───── RECORDED DATA ─────
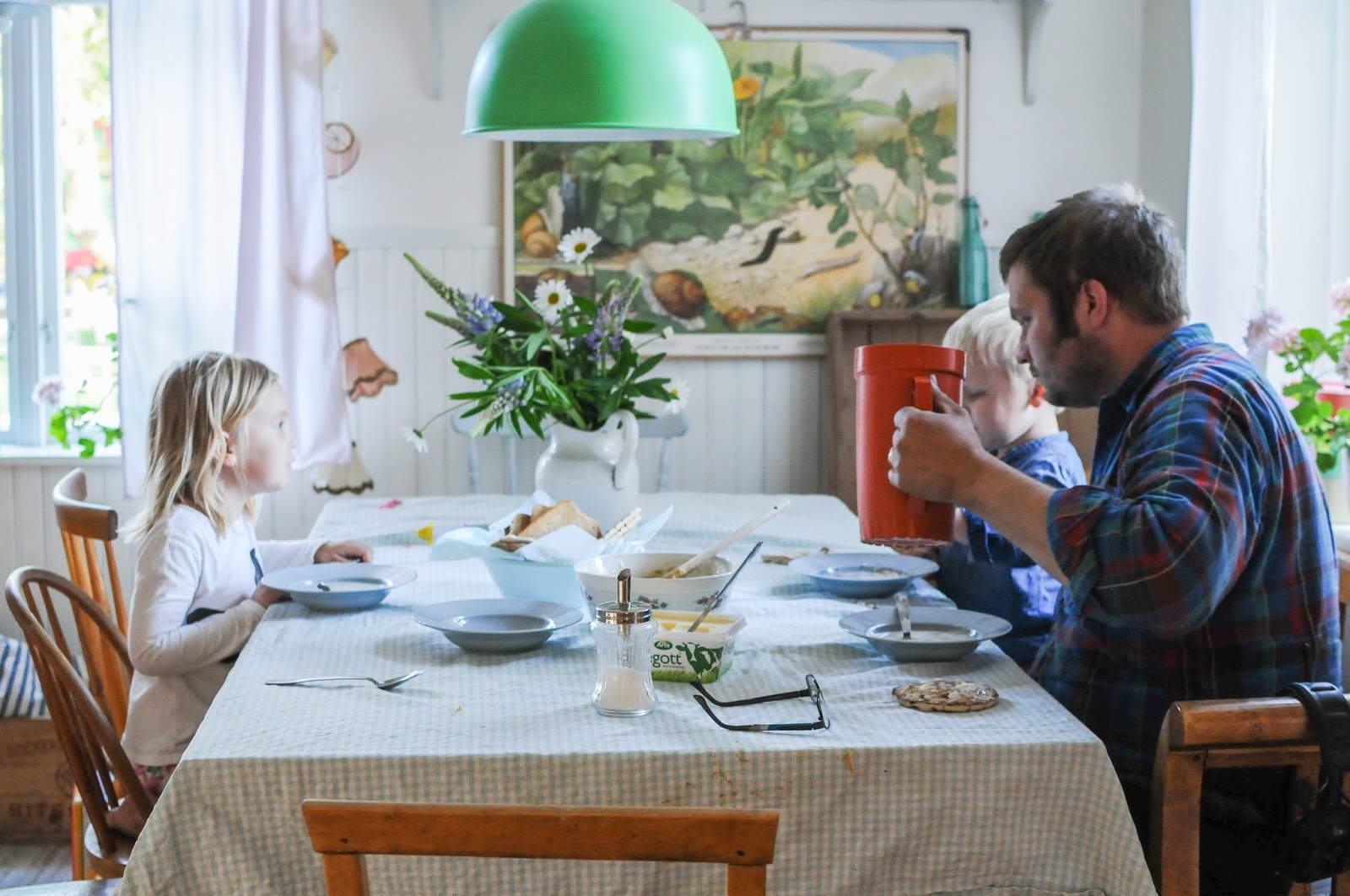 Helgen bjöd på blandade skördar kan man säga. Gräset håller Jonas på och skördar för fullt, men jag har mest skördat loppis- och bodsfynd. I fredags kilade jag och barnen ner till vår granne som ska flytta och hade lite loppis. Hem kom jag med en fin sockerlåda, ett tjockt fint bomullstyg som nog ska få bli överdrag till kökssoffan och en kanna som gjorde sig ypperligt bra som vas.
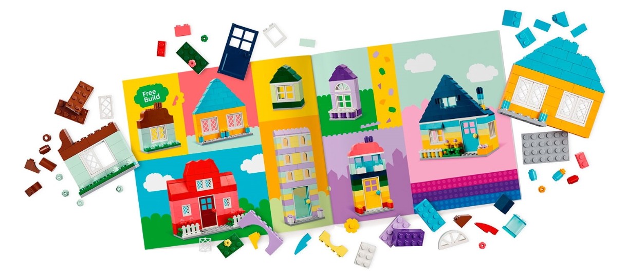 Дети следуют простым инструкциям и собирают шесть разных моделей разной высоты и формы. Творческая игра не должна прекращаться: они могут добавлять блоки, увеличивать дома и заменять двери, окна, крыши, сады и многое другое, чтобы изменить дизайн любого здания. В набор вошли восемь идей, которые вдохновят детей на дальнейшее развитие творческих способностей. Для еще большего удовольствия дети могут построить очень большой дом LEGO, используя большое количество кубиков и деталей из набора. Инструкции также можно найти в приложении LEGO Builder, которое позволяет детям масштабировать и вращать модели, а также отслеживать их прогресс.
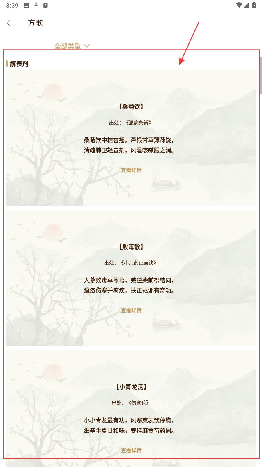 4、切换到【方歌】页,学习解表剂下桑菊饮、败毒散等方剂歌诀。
─────
**EXERCISE OBJECTIVE:**
All of the listing should be transcribed exactly, but none of its images.

**WRITTEN SOLUTION:**
 Helgen bjöd på blandade skördar kan man säga. Gräset håller Jonas på och skördar för fullt, men jag har mest skördat loppis- och bodsfynd. I fredags kilade jag och barnen ner till vår granne som ska flytta och hade lite loppis. Hem kom jag med en fin sockerlåda, ett tjockt fint bomullstyg som nog ska få bli överdrag till kökssoffan och en kanna som gjorde sig ypperligt bra som vas.
 Дети следуют простым инструкциям и собирают шесть разных моделей разной высоты и формы. Творческая игра не должна прекращаться: они могут добавлять блоки, увеличивать дома и заменять двери, окна, крыши, сады и многое другое, чтобы изменить дизайн любого здания. В набор вошли восемь идей, которые вдохновят детей на дальнейшее развитие творческих способностей. Для еще большего удовольствия дети могут построить очень большой дом LEGO, используя большое количество кубиков и деталей из набора. Инструкции также можно найти в приложении LEGO Builder, которое позволяет детям масштабировать и вращать модели, а также отслеживать их прогресс.
 4、切换到【方歌】页,学习解表剂下桑菊饮、败毒散等方剂歌诀。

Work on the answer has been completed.